The irony of the butterfly is that it arrives from such a grubby, ugly little thing… ugly like Wednesday morning, the morning I woke to the oppressive defeat in the previous night’s election.
Hours of Shakespearean soliloquy later, certain only of the nobility of death over the indignity of life in this body that is not mine, with the whole of my intellect, I could not comprehend what I was feeling. It wasn’t just the bitterness of defeat, it was something else entirely, something much heavier.
I knew that the heaviness in my heart wasn’t the result of disillusionment. After all, as an incarcerated trans woman facing bigotry and misogyny on a daily basis, and with the murders in Orlando and Ferguson still fresh, I live under no illusion that the battle has been won. If anything, this election simply confirmed the fight that remains. But I still couldn’t put a finger on what this heaviness was or why.

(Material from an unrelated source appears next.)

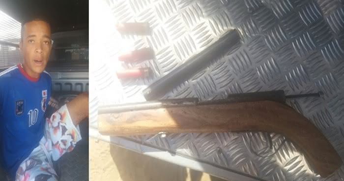 A terceira pessoa detida foi Diego Souza Ribeiro de 19 anos, portava uma espingarda de fabricação artesanal.Com ele foram encontrados três cartuchos.

Three days passed feeling this uncertainty. I thought of my friends’ fearful voices of despair and rage, and I imagined their faces, tear-streaked with agony for what had just happened, tearing at a long-ago scabbed wound. And then, wound laid bare once again, an epiphany drove from my mind the veil of uncertainty.
With stark, numbing realization, I discerned the precise source of this heaviness. Only once in my life have I heard the voice of submissive defeat. Twenty years ago, as I sat in the courtroom an accused murderer, I also witnessed incredible tragedy. That day I realized how a single act – an irretrievable moment in time— can lead to monumental destruction.